**Exercise description:** Make an exact copy of the lines from the top of the entries below through the line with "Oregon Army National". Leave all pictures out.

**Data to process:**
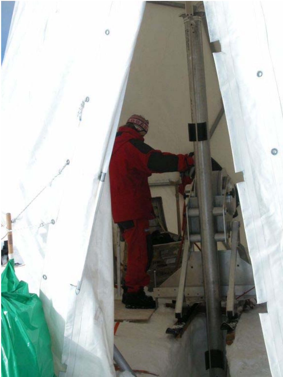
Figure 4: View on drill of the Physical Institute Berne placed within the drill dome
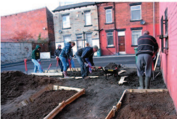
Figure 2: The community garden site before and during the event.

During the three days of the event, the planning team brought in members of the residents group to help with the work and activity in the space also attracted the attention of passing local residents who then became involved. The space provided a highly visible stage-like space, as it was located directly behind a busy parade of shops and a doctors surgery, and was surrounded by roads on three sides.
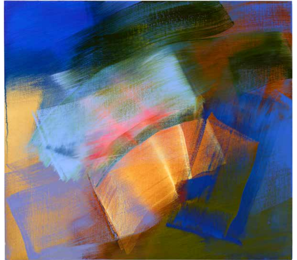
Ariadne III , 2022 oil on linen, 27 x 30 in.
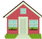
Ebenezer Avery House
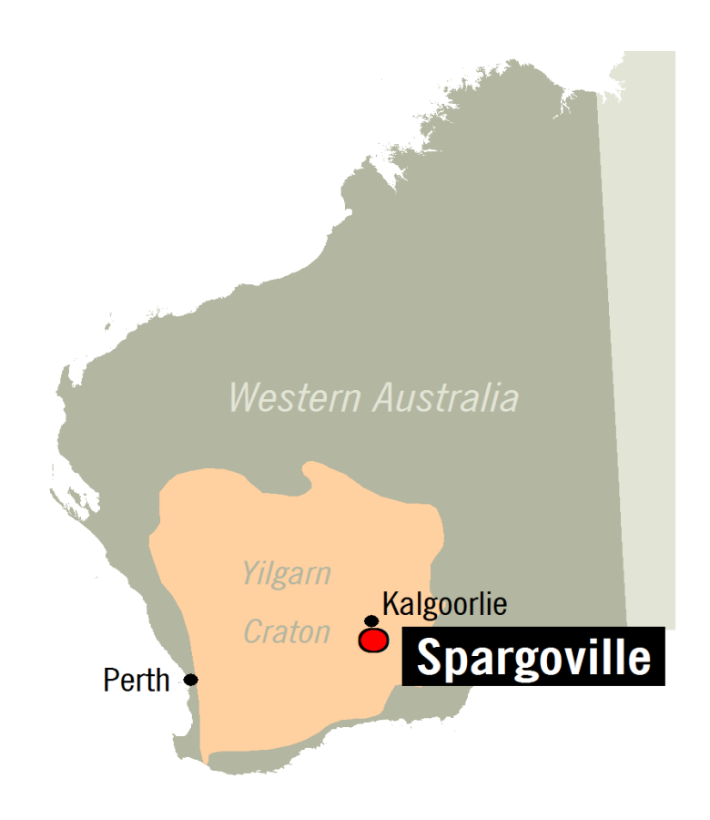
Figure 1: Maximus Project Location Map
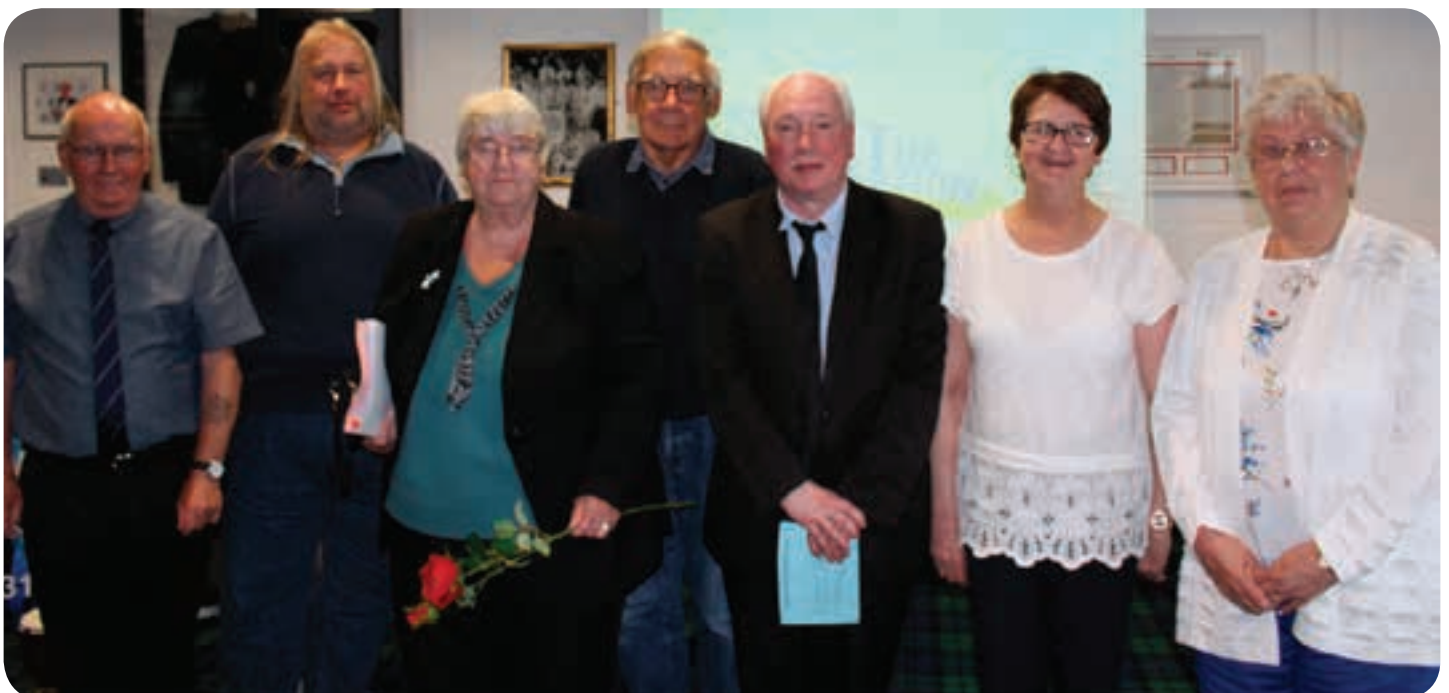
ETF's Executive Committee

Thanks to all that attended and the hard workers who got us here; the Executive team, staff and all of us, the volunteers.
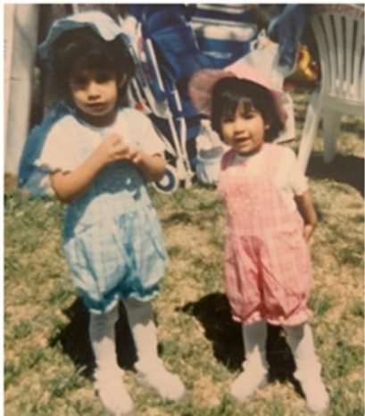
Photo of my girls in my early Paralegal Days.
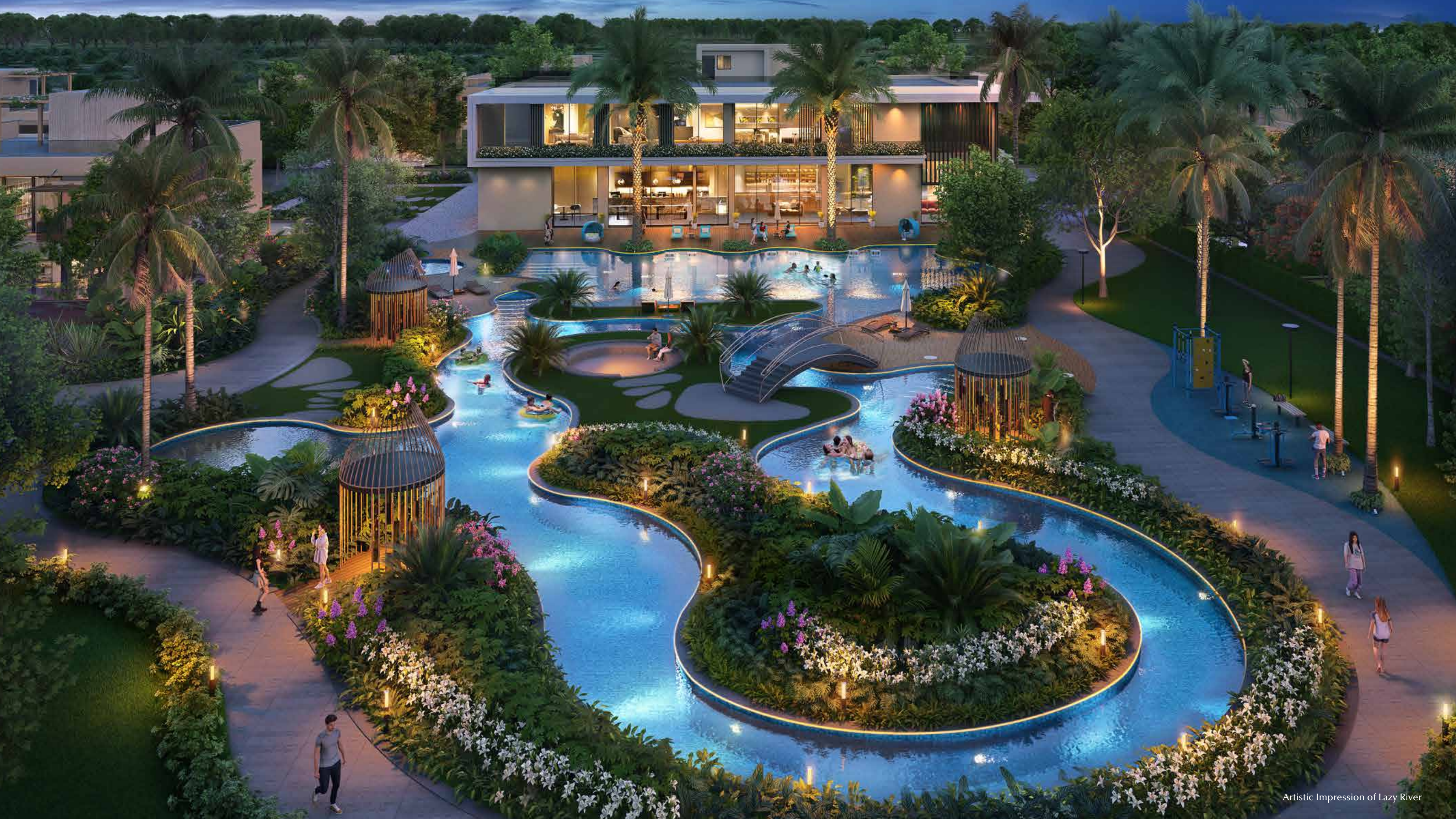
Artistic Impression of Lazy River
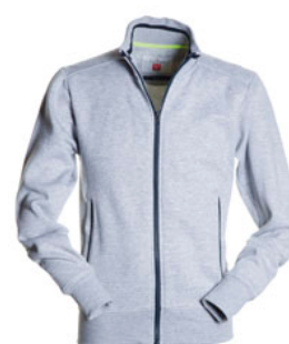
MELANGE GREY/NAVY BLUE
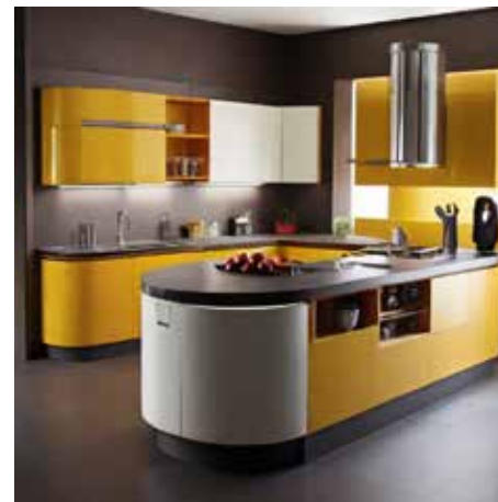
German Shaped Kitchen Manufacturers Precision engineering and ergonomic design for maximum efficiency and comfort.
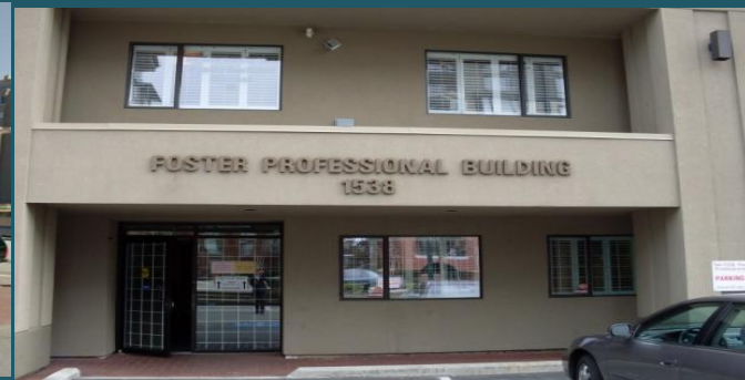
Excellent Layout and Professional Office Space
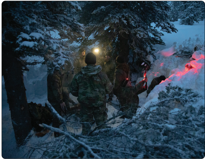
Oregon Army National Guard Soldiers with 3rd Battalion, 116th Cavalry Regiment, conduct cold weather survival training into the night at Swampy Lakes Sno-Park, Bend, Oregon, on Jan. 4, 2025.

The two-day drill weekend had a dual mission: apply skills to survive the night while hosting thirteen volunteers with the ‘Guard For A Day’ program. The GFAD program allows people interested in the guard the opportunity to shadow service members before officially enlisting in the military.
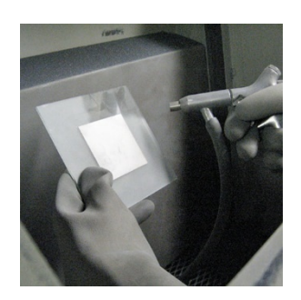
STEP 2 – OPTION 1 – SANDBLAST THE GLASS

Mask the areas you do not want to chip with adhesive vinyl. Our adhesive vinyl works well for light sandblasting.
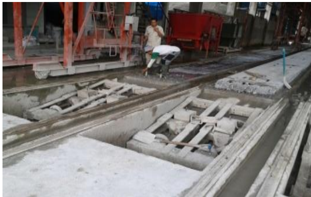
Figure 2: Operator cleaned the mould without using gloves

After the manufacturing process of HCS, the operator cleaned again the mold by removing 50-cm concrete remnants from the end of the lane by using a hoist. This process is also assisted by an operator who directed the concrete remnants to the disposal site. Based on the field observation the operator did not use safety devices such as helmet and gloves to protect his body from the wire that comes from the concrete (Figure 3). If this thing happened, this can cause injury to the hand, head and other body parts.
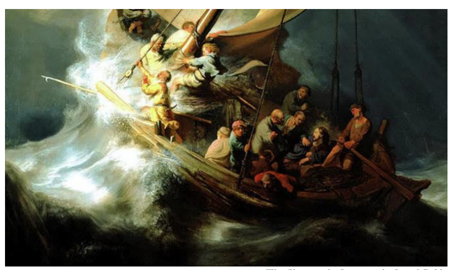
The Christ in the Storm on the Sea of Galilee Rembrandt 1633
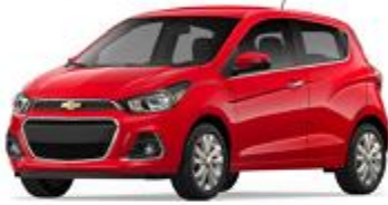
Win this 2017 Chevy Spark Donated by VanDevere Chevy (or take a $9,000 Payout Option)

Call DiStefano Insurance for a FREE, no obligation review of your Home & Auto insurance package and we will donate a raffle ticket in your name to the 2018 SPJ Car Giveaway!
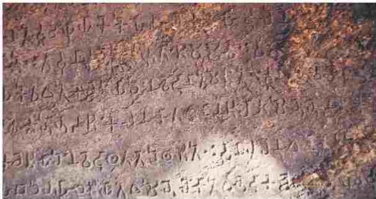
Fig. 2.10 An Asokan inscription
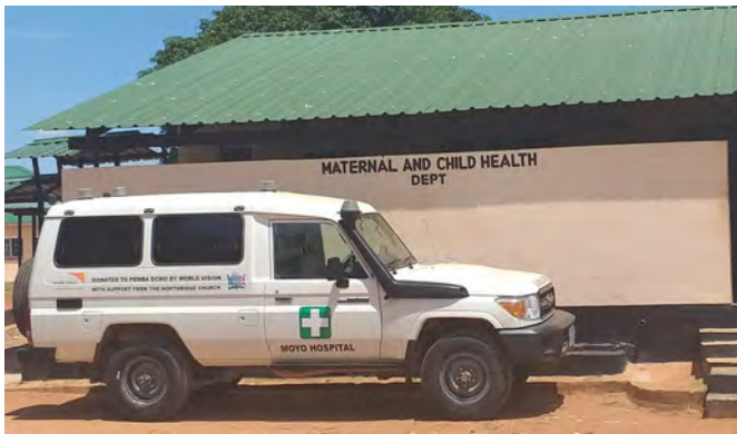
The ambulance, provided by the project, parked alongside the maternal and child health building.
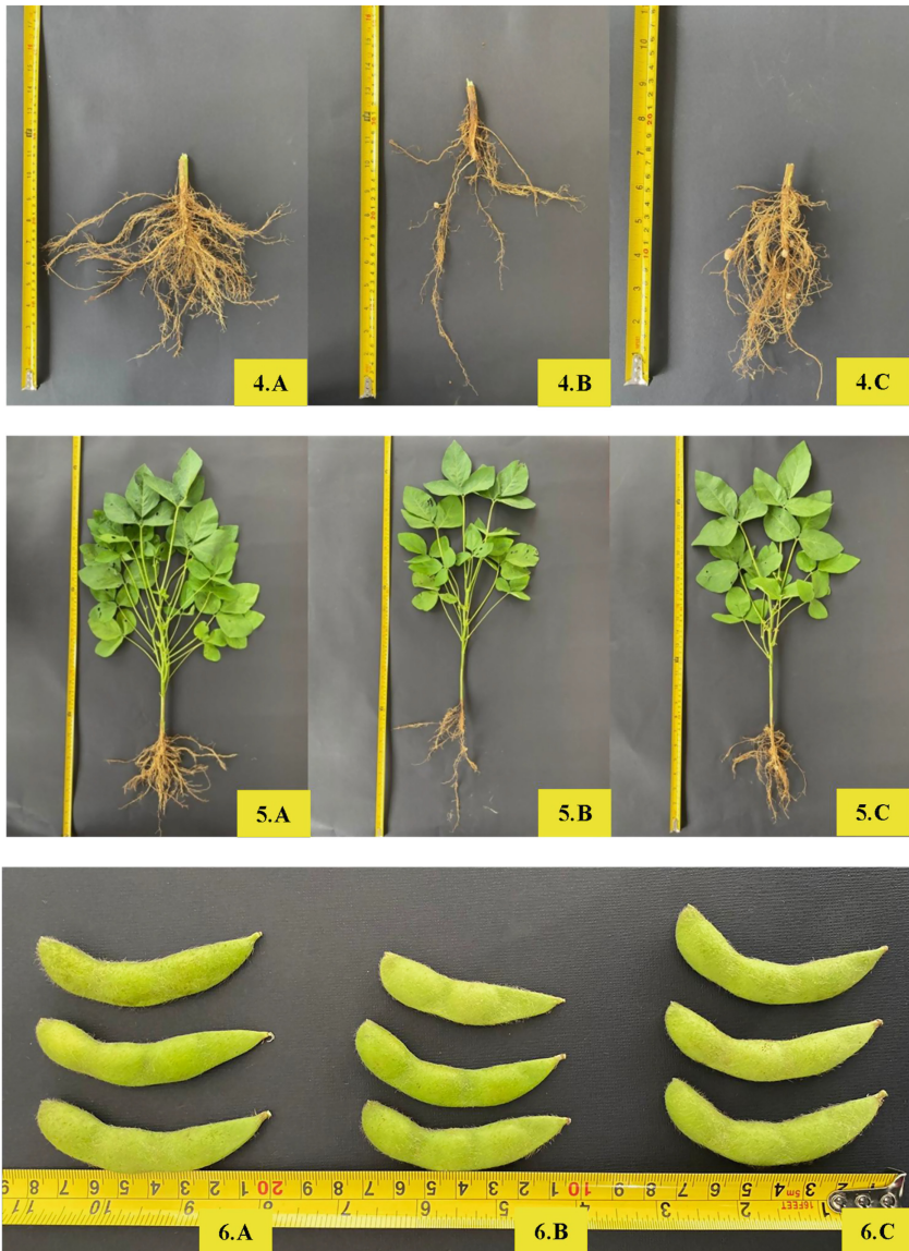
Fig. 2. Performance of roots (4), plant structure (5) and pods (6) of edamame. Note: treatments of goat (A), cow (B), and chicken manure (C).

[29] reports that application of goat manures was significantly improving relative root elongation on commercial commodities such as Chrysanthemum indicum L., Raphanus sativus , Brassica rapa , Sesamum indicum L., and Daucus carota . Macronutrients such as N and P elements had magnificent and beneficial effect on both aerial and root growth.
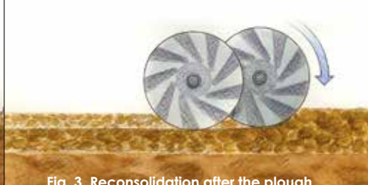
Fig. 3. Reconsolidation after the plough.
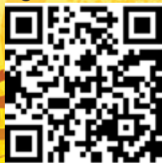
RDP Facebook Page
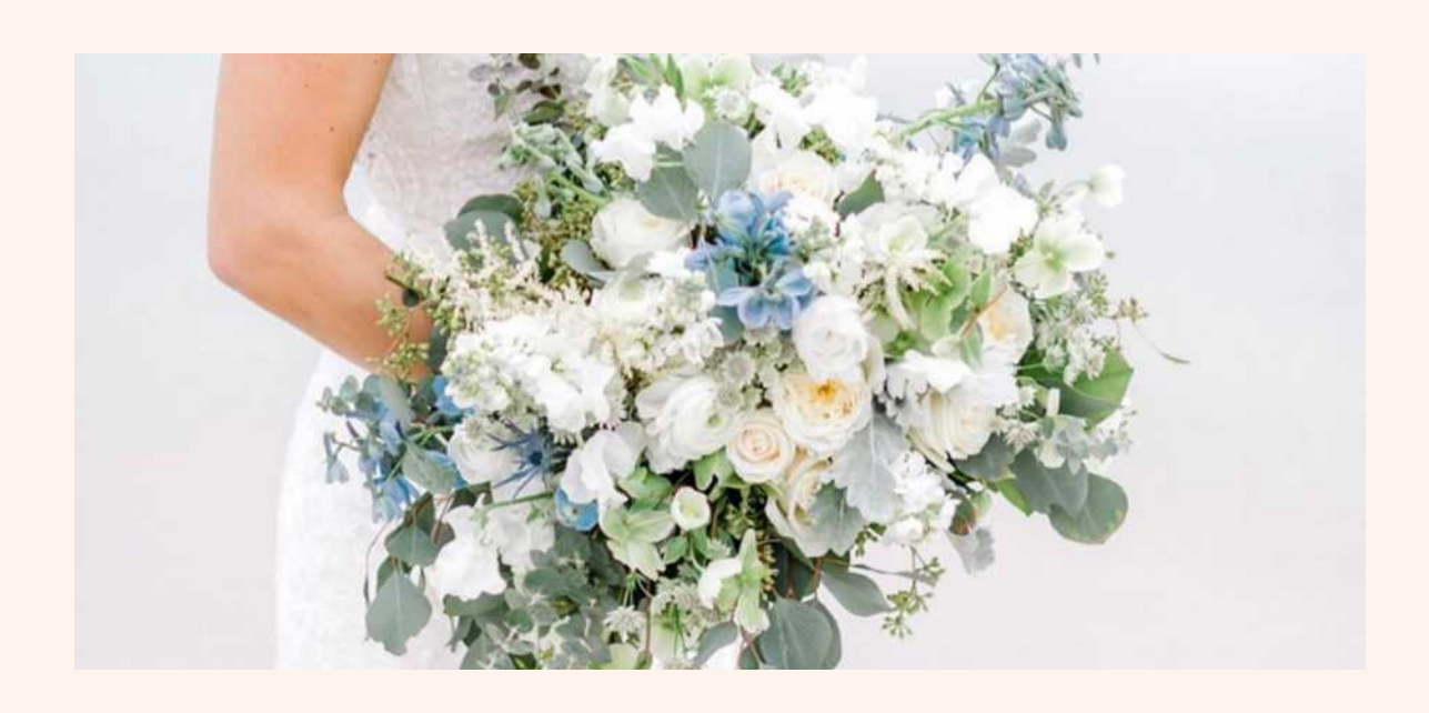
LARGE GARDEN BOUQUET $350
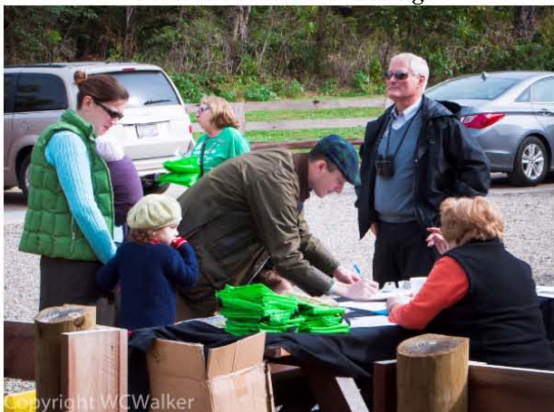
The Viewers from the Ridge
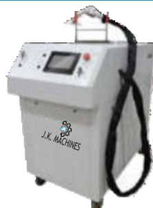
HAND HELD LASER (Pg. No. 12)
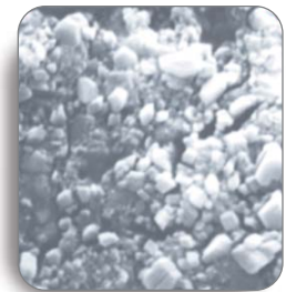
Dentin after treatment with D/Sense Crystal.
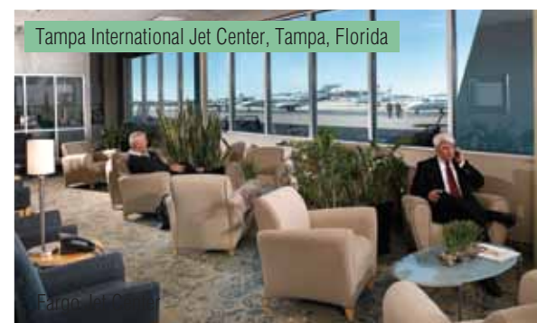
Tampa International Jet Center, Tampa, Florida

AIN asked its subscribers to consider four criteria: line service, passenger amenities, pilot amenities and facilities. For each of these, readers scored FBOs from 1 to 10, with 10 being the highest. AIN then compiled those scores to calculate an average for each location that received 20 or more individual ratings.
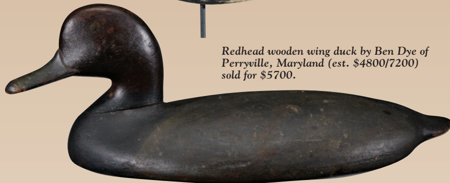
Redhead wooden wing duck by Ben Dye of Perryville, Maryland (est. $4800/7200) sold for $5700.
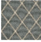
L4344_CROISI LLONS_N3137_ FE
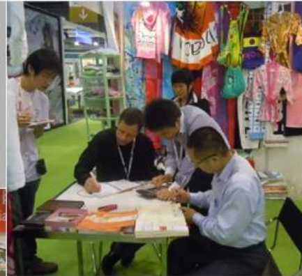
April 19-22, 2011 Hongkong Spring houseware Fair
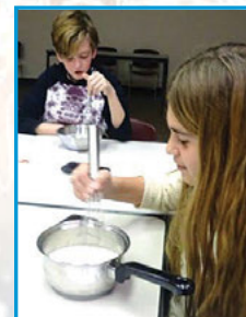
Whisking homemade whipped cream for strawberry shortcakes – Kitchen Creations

**Answer to this exercise:**
Figure 4: View on drill of the Physical Institute Berne placed within the drill dome
Figure 2: The community garden site before and during the event.

During the three days of the event, the planning team brought in members of the residents group to help with the work and activity in the space also attracted the attention of passing local residents who then became involved. The space provided a highly visible stage-like space, as it was located directly behind a busy parade of shops and a doctors surgery, and was surrounded by roads on three sides.
Ariadne III , 2022 oil on linen, 27 x 30 in.
Ebenezer Avery House
Figure 1: Maximus Project Location Map
ETF's Executive Committee

Thanks to all that attended and the hard workers who got us here; the Executive team, staff and all of us, the volunteers.
Photo of my girls in my early Paralegal Days.
Artistic Impression of Lazy River
MELANGE GREY/NAVY BLUE
German Shaped Kitchen Manufacturers Precision engineering and ergonomic design for maximum efficiency and comfort.
Excellent Layout and Professional Office Space
Oregon Army National Guard Soldiers with 3rd Battalion, 116th Cavalry Regiment, conduct cold weather survival training into the night at Swampy Lakes Sno-Park, Bend, Oregon, on Jan. 4, 2025.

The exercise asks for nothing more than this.